**TASK BRIEF**
Print, exactly as they stand, the lines below from the one that has "tại sân bay. |" to the one that has "2025 봄 실크 양면", inclusive, leaving out the pictures.

**RECORDS PROVIDED**
---------------

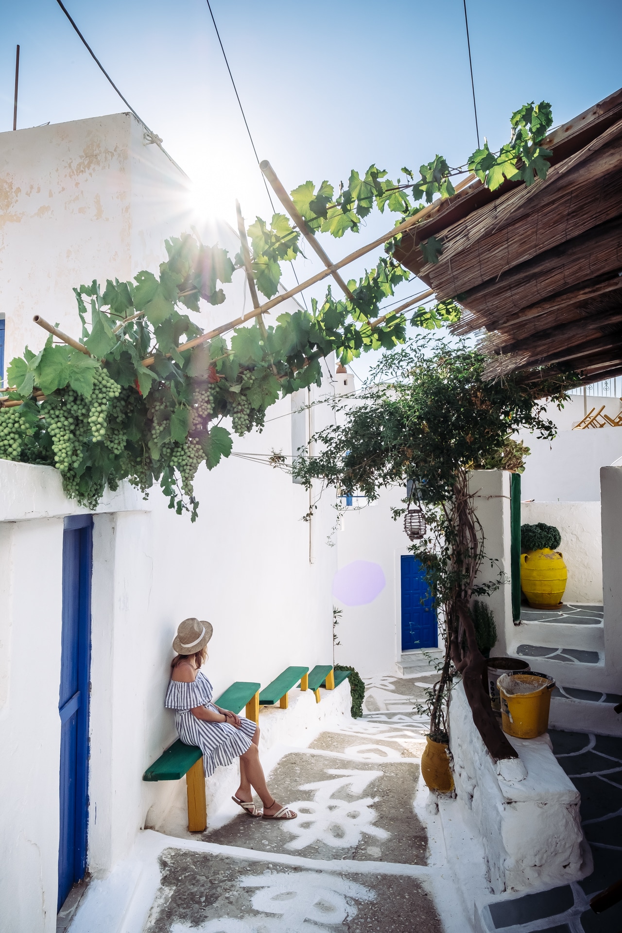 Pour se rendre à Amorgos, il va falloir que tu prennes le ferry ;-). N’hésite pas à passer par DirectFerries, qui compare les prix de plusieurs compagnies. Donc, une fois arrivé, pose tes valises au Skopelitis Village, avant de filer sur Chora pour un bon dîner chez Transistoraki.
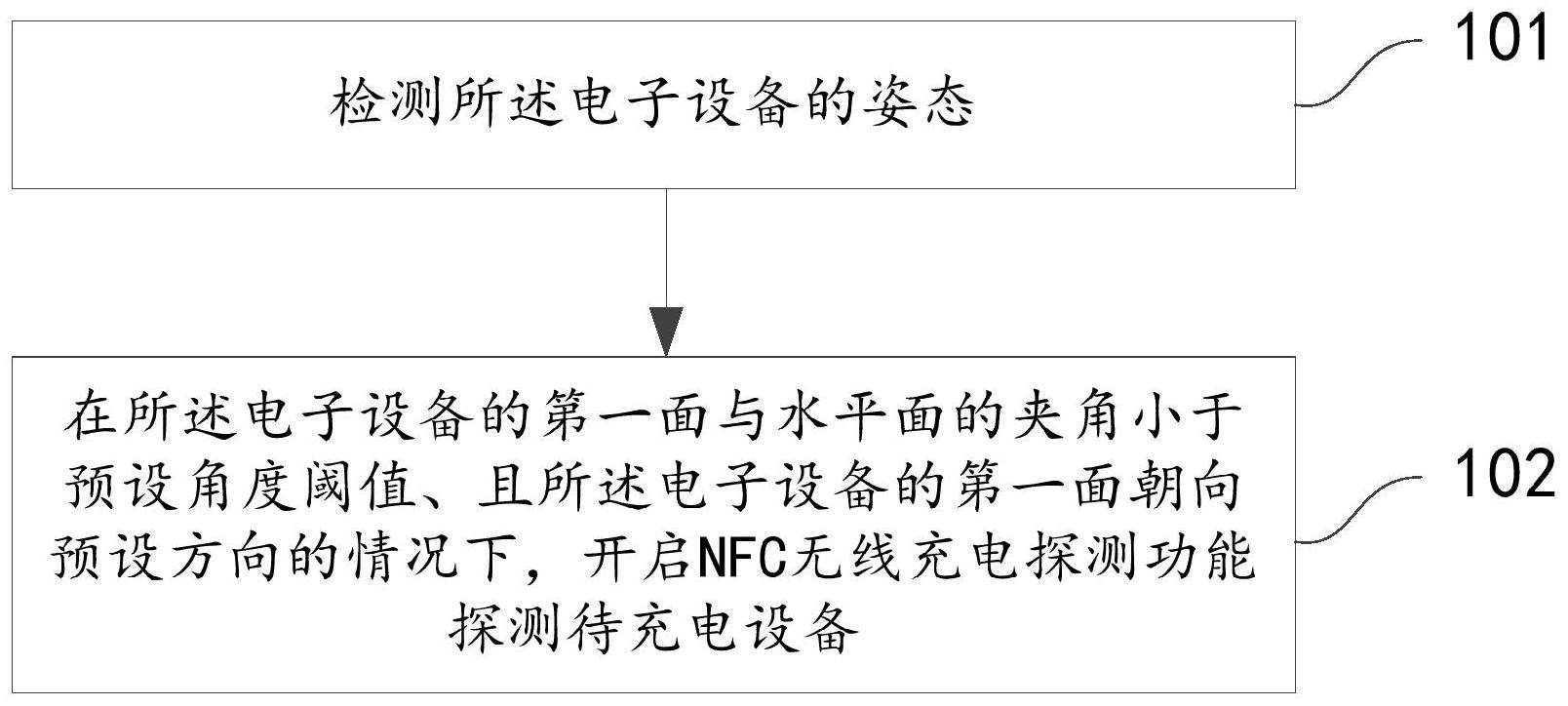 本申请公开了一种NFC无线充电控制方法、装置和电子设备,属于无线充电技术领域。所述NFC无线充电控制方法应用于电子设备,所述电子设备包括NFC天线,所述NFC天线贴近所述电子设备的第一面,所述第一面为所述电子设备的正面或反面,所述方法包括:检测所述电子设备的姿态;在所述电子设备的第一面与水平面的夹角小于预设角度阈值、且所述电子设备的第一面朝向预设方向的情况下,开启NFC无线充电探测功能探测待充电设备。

---------------

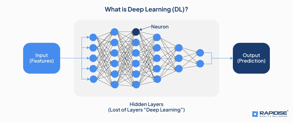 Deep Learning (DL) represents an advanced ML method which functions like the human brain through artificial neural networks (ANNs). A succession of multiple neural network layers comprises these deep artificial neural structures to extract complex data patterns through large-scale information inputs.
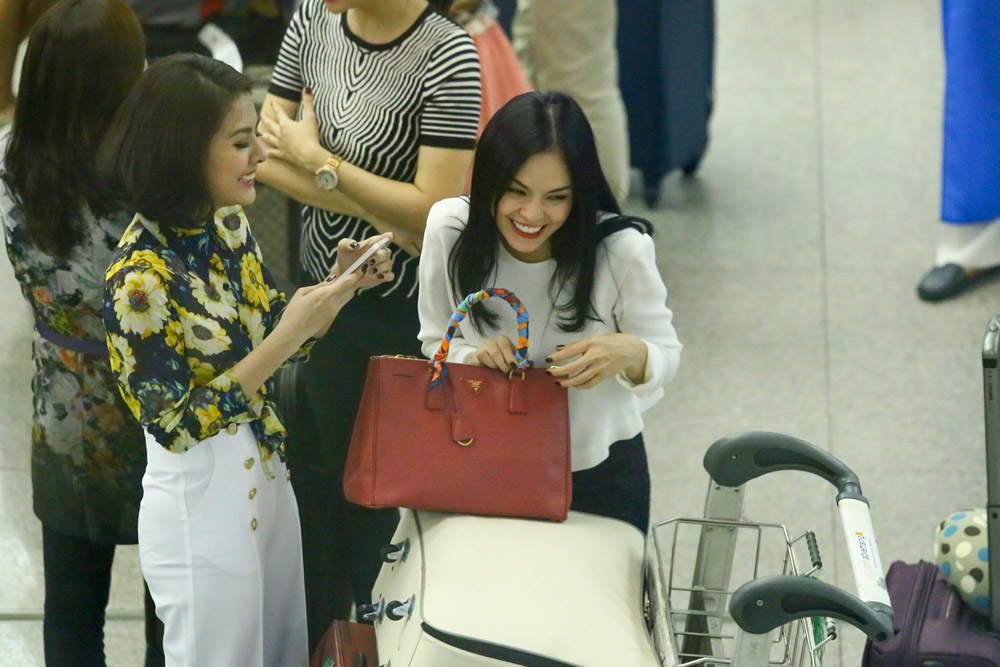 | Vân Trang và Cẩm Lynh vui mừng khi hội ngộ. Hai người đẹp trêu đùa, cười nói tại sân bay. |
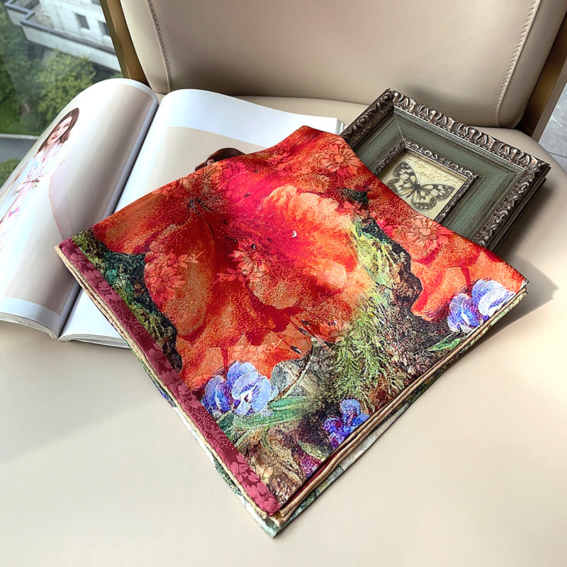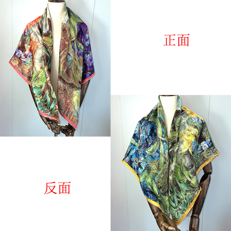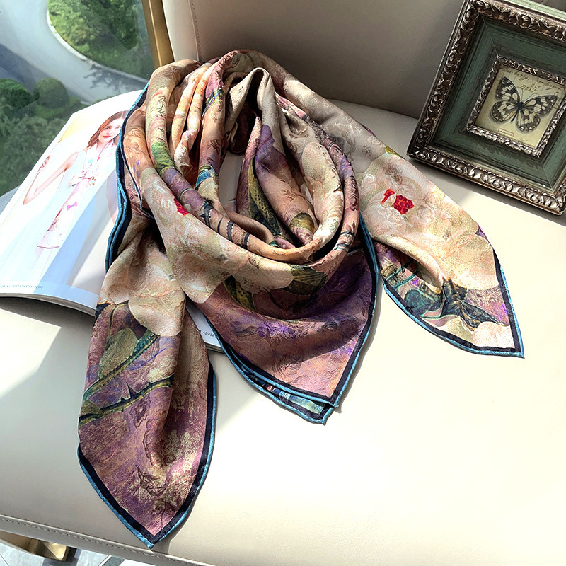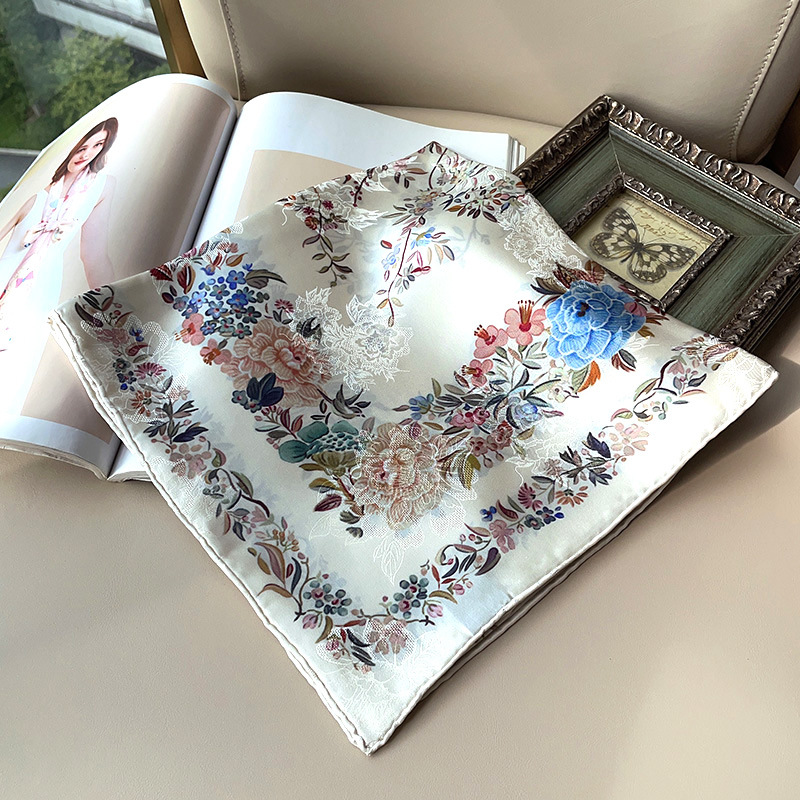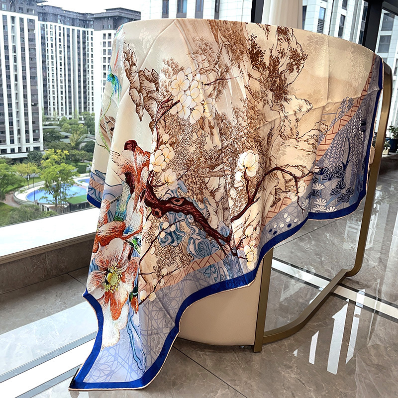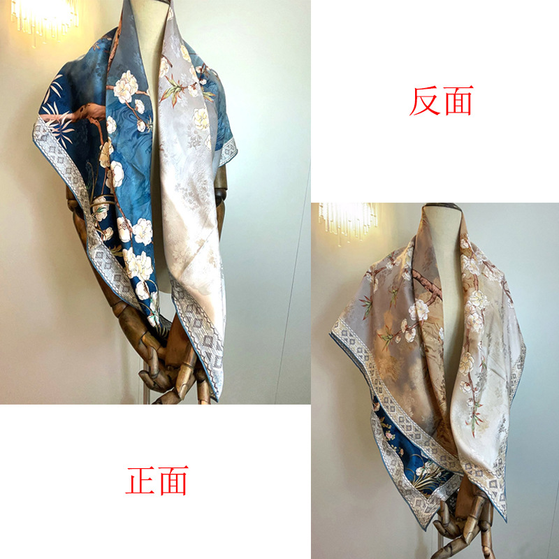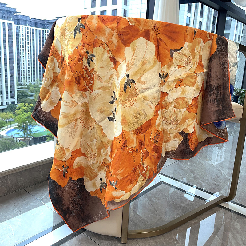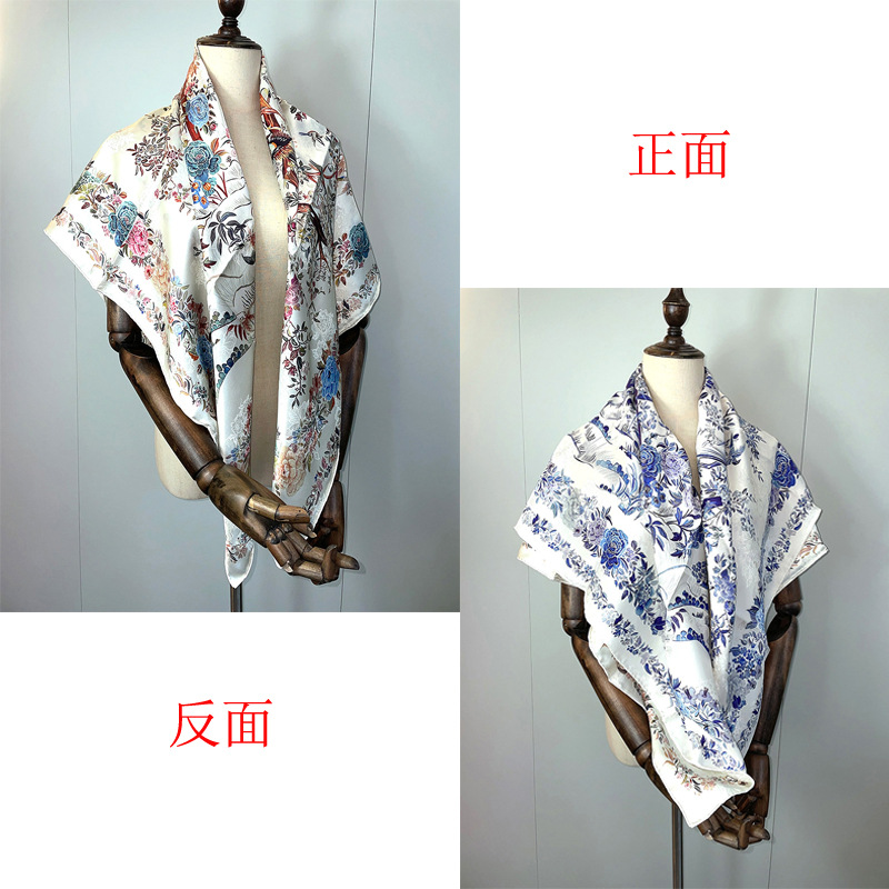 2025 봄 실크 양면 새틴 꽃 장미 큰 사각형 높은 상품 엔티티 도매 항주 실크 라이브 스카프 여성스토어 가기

---------------

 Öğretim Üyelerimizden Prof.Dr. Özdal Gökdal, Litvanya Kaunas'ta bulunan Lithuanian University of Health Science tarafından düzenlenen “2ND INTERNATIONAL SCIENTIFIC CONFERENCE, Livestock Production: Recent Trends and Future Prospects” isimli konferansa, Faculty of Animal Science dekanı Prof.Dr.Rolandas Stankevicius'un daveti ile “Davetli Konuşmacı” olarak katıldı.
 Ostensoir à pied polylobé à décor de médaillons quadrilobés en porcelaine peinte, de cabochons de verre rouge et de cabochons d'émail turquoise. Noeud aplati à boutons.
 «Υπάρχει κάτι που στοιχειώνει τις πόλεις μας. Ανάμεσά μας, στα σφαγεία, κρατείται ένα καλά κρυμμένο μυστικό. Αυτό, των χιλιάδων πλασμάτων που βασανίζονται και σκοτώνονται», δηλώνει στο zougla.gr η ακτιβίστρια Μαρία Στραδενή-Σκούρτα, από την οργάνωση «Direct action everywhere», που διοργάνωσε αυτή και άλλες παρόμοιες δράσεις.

---------------

**ANSWER TO THE PROBLEM**
 | Vân Trang và Cẩm Lynh vui mừng khi hội ngộ. Hai người đẹp trêu đùa, cười nói tại sân bay. |
 2025 봄 실크 양면 새틴 꽃 장미 큰 사각형 높은 상품 엔티티 도매 항주 실크 라이브 스카프 여성스토어 가기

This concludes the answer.